С ними поравнялся почти в эту минуту капуцин и пропустил их вперед.
— О! да, я вам верю, Севский, — прошептала рассеянно Лиди… — но что вы так странно смотрите?
— Этот капуцин, — сказал ей на ухо Севский с видимым волнением.
— Ну что же? — спросила она и, засмеявшись, опять показала свои хорошенькие зубки.
— Если этот капуцин — Званинцев?
Лиди робко взглянула в сторону, но капуцин исчез.
— Так что же нам до него? — сказала она наконец.
— Что?.. Я ненавижу этого человека, Лиди… он беспрестанно следит за вами.
— Следит за мной? — с трепетом спросила Лиди.
— Бывают минуты, когда мне хочется убить его, — сказал Севский.
Севский и Лиди исчезли снова в толпе.
— Здравствуй, Воловский, — сказал капуцин, подходя к своему приятелю, разговаривавшему с человеком, которого лысина показывала с первого раза его солидность.
— Здорово, — отвечал Воловский, пожимая его руку. — Что тебе за охота нарядиться шутом?
— Так; мне надоело кланяться разным господам.
— Отсюда ты куда? — спросил Воловский, зевая.
— В клуб конечно, а ты?
— И я тоже.

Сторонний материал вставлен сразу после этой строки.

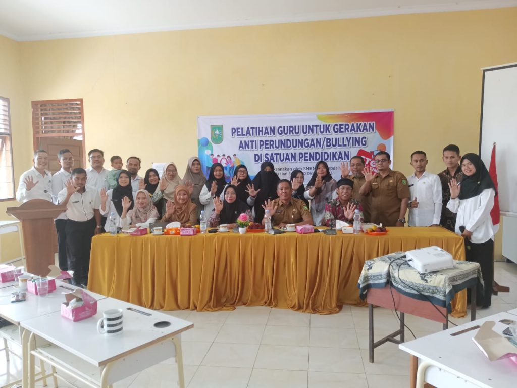 ARB INdonesia, INDRAGIRI HILIR -Melihat tingginya angka perundungan (bullying) di Indonesia, Sekolah Menegah Keguruan Negeri 2 Kempas gelar Pelatihan Anti Perundungan/Bullying. Kegiatan ini berlokasi di SMK N 2 Kempas dan diikuti oleh guru-guru SMK Negeri 2 Kempas, SLTP, MTs, dan SD di wilayah Desa Pekan Tua, Kecamatan Kempas, Selasa (10/10/23).
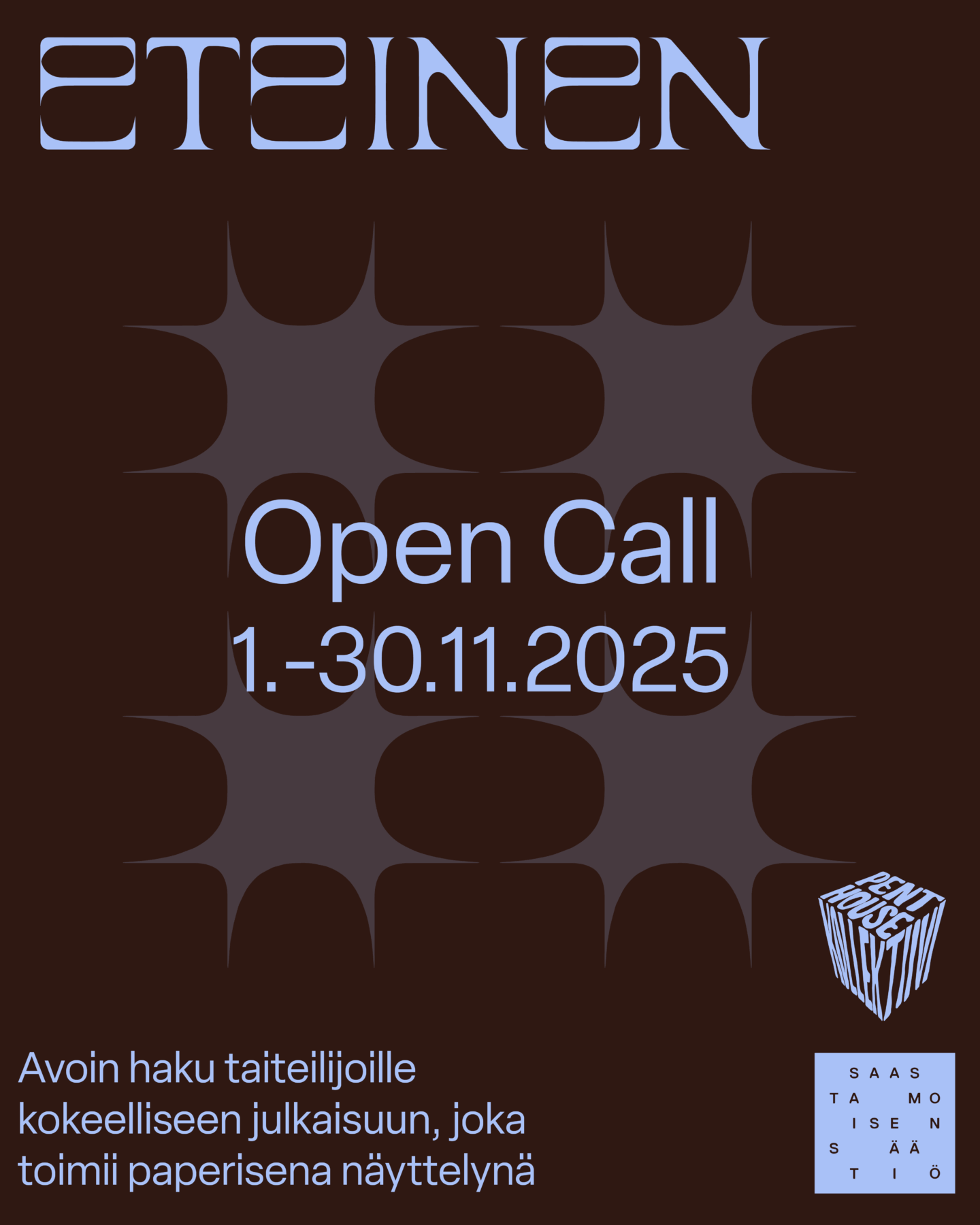 The publication Eteinen will be a physical magazine. The collective is seeking a wide range of artistic forms for the publication — including those not commonly seen in traditional print media. The layout and visual design will be experimental, breaking away from the conventional format of an art magazine. The purpose of the layout is to unite the featured works into a cohesive whole, while also functioning as an artwork in itself.
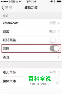 2.在辅助功能菜单上点击选择”灰度”选项。这时候iPhone画面变成了黑白模式,开启“灰度”选项之后,每分钟的耗电量百分比要相对减少,省电效果会比较明显。
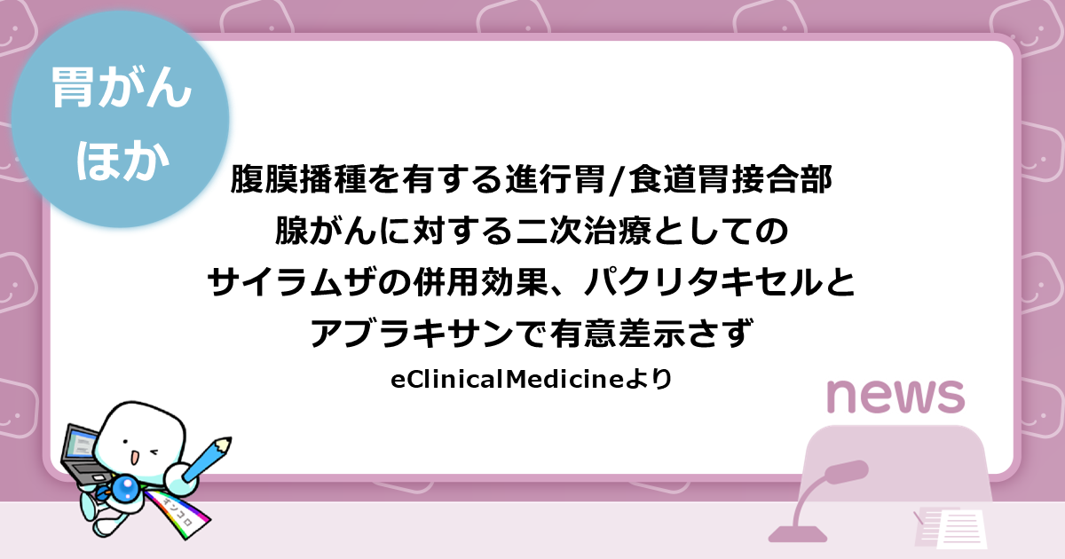 腹膜播種を有する進行胃/食道胃接合部腺がんに対する二次治療としてのサイラムザの併用効果、パクリタキセルとアブラキサンで有意差示さず
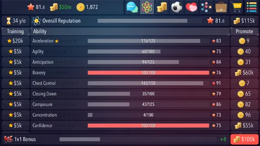 • التدريبات والترقية : أيضاً من الجوانب المهمة والأساسية في لعبة Football Superstar 2 Game مهكرة أنها توفر تدريبات متنوعة لتحسين مهارات اللاعب وذلك الأمر متوقع لأن النجاح في الحياة العملية يتأثر بشكل أساسي بالتدريبات, والتدريبات ستوفر نظام ترقية للجوانب البدنية والتكتيكية.
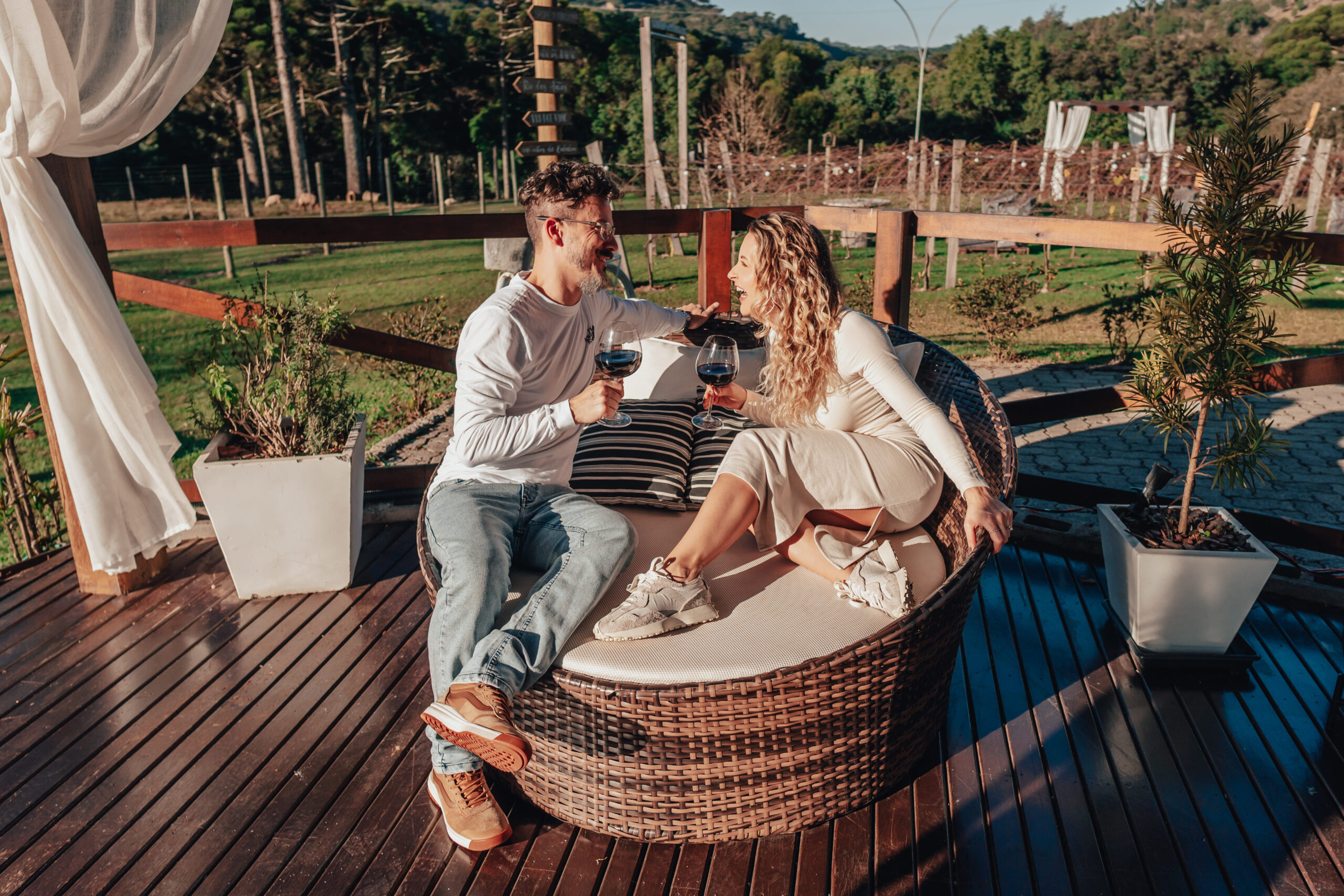 O espaço, iluminado pelo charme natural dos parreirais ao entardecer, cria a atmosfera perfeita para conversas leves, risadas espontâneas e um toque de sofisticação.

Да вот вместе, втроем, господа, отправимтесь, — продолжал Воловский, обращаясь к своему собеседнику… — Рекомендую вам, Степан Степанович, моего приятеля Званинцева… Званинцев! Степан Степанович, мой начальник…
— И хороший приятель, добавьте, — сказал человек с лысиною, подавая руку Званинцеву. — Я давно хотел с вами познакомиться, — обратился он к Званинцеву.
Званинцев поклонился.
— Не родня ли вам, — начал он, — молодой Севский…

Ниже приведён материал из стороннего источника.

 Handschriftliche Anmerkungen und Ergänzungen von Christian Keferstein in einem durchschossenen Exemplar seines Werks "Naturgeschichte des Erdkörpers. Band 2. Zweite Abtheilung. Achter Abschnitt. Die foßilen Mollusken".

— Николаша? — спросил толстяк.
— Кажется, — отвечал Званинцев.
— А вы почему его знаете? он мой родной племянник, сын моего брата.
— Я с ним виделся в одном доме, — сказал Званинцев.
— А! верно у Мензбира?
— Вы угадали.
— Ох, уж мне этот дом! — сказал толстяк, сжавши губы. — Вам и Воловскому, разумеется, ничего быть где угодно, но Николаша… Хоть бы вы его остановили, право, а кстати, как звать вас по имени и по отчеству? — добавил он, нюхая с расстановкою табак из серебряной табакерки.

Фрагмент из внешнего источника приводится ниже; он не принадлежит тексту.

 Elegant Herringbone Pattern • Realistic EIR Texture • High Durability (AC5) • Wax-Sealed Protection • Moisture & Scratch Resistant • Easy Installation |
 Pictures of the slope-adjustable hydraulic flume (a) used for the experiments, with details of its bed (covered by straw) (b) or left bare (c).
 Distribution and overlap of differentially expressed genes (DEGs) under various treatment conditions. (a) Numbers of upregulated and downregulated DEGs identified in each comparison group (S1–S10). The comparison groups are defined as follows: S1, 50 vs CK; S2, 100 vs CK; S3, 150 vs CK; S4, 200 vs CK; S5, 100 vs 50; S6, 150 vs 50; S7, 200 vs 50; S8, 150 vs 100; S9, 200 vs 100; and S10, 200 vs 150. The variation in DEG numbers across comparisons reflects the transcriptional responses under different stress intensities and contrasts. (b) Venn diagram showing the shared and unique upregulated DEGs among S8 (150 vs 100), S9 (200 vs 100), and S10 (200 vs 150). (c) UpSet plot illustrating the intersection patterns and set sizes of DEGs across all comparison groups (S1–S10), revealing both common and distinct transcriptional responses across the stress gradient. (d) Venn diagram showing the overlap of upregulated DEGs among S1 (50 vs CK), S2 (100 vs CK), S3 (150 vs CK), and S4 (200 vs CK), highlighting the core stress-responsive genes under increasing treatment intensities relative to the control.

— Иван Александрович, — отвечал за Званинцева Воловский.
— Ну да, хоть бы вы его остановили, право, Иван Александрович. Я уж ему говорил, да что? нас, стариков, не слушают. Матушка его — хоть и родня моя, а баба вздорная, ничего не умеет делать толком. Подымет всегда содом такой, что боже упаси, а путного ничего не сделает. А Николашу, право, жаль, я его люблю, малой славный.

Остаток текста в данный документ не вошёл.